• _Recorded information_:
--*--
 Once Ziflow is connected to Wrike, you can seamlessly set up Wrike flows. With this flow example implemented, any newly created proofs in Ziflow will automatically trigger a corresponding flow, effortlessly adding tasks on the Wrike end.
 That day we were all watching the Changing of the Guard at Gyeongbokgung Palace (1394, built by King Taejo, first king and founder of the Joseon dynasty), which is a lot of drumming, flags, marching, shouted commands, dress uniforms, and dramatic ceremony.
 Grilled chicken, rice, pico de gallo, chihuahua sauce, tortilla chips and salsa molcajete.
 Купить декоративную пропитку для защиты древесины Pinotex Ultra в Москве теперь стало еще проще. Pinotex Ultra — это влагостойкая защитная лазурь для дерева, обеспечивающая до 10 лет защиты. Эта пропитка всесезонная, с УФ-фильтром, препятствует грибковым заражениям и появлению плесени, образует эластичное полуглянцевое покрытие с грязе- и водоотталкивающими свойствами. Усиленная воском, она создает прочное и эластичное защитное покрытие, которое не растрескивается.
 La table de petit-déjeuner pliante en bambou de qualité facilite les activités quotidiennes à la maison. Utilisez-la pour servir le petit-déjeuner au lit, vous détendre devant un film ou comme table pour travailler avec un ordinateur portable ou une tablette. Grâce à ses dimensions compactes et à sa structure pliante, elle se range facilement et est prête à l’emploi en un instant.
--*--
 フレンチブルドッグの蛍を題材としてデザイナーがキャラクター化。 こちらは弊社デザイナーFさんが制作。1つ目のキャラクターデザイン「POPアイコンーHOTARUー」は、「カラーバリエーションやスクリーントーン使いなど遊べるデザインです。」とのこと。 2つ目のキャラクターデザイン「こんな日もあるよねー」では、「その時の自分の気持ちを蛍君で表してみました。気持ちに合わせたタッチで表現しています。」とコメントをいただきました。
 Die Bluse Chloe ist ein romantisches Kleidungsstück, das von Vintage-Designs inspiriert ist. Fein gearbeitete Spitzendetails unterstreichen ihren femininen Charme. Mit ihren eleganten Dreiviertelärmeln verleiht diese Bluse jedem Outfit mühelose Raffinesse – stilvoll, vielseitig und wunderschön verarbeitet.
--*--
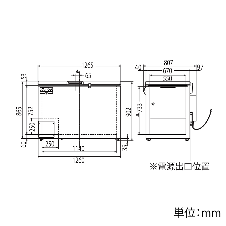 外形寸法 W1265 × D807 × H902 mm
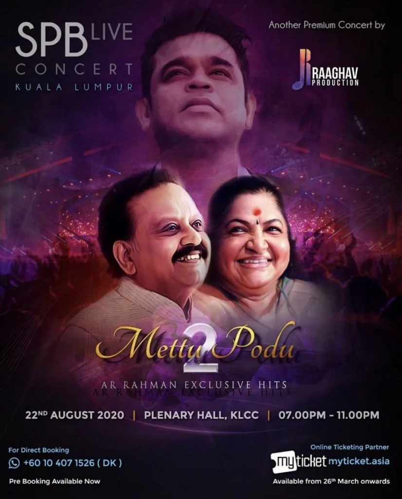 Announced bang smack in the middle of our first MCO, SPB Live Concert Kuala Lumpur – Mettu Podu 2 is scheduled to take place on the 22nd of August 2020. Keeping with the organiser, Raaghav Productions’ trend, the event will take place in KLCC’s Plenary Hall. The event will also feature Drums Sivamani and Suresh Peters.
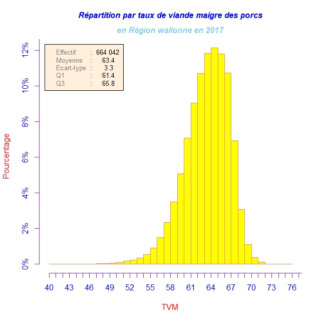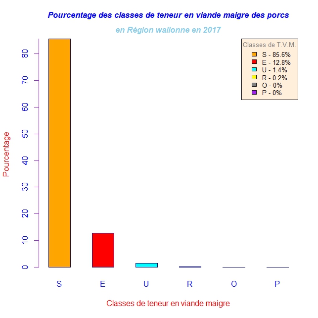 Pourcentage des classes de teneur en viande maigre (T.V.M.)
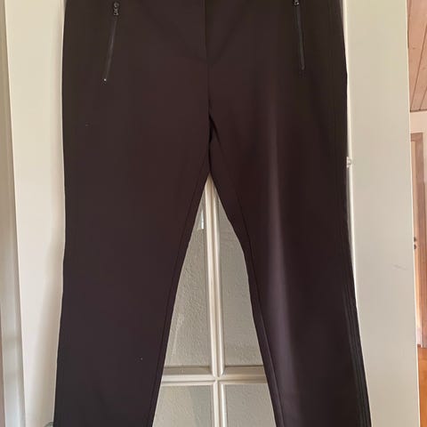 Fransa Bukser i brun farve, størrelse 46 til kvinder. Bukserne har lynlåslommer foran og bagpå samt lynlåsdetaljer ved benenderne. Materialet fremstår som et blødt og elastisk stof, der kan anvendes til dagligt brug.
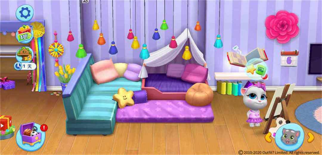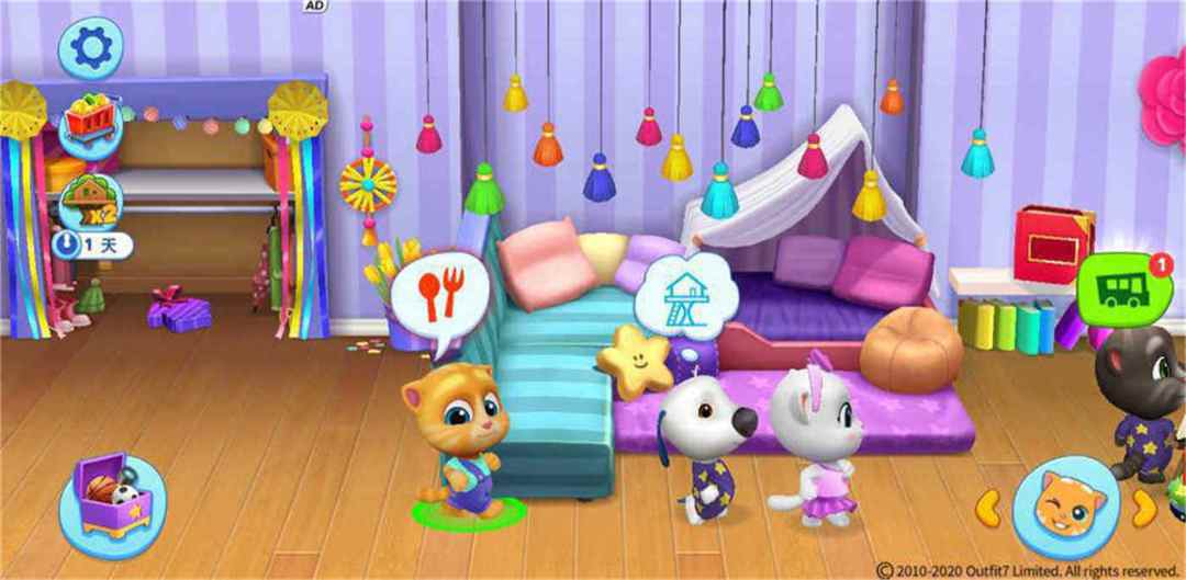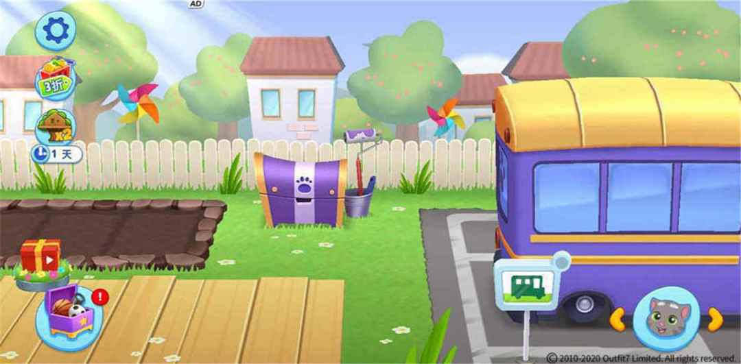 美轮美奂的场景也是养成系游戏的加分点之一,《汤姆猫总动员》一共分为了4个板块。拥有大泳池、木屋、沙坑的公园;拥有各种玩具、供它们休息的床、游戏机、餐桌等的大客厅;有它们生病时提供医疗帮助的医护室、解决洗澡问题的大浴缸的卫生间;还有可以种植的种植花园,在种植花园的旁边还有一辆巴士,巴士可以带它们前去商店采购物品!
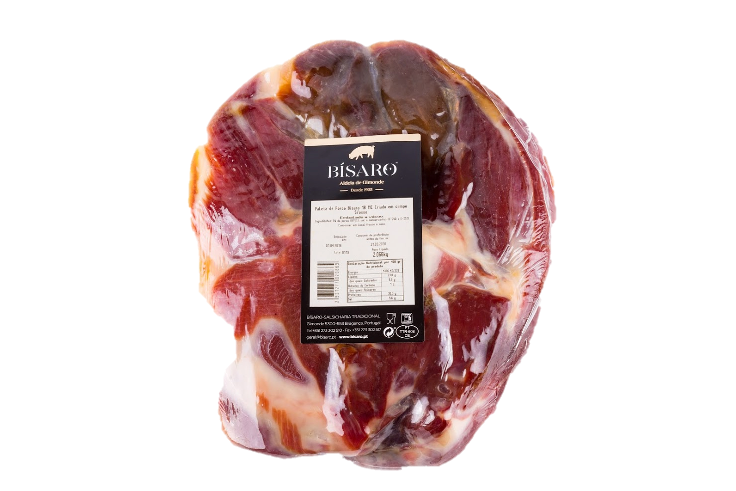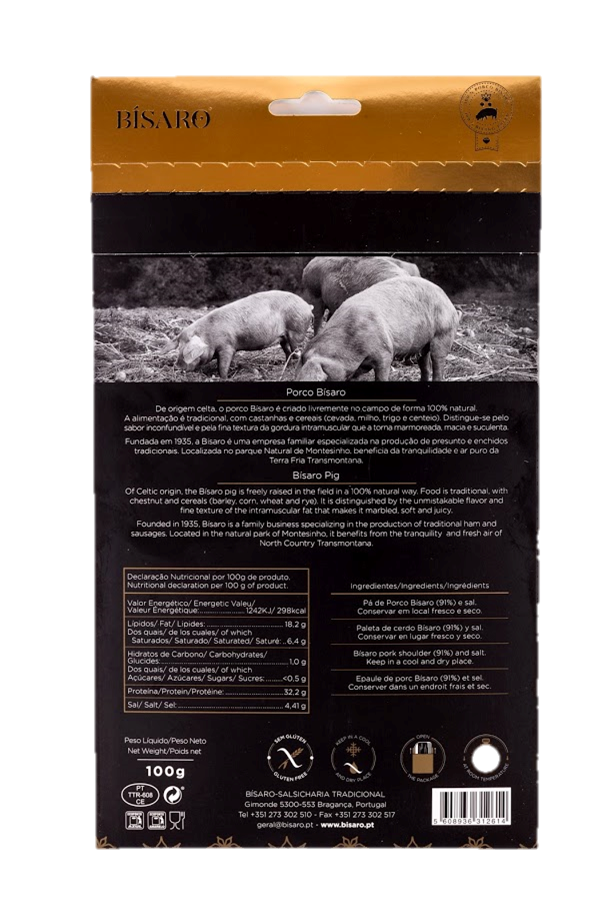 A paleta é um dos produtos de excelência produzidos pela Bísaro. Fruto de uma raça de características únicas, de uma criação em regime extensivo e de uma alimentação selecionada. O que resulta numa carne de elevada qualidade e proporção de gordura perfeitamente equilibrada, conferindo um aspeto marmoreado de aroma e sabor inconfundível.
--*--
• _Directions for this task_:
Reproduce exactly the lines above from the line with "Once Ziflow is" to the line with "Купить декоративную пропитку", including both, and add nothing.

• _Task output_:
 Once Ziflow is connected to Wrike, you can seamlessly set up Wrike flows. With this flow example implemented, any newly created proofs in Ziflow will automatically trigger a corresponding flow, effortlessly adding tasks on the Wrike end.
 That day we were all watching the Changing of the Guard at Gyeongbokgung Palace (1394, built by King Taejo, first king and founder of the Joseon dynasty), which is a lot of drumming, flags, marching, shouted commands, dress uniforms, and dramatic ceremony.
 Grilled chicken, rice, pico de gallo, chihuahua sauce, tortilla chips and salsa molcajete.
 Купить декоративную пропитку для защиты древесины Pinotex Ultra в Москве теперь стало еще проще. Pinotex Ultra — это влагостойкая защитная лазурь для дерева, обеспечивающая до 10 лет защиты. Эта пропитка всесезонная, с УФ-фильтром, препятствует грибковым заражениям и появлению плесени, образует эластичное полуглянцевое покрытие с грязе- и водоотталкивающими свойствами. Усиленная воском, она создает прочное и эластичное защитное покрытие, которое не растрескивается.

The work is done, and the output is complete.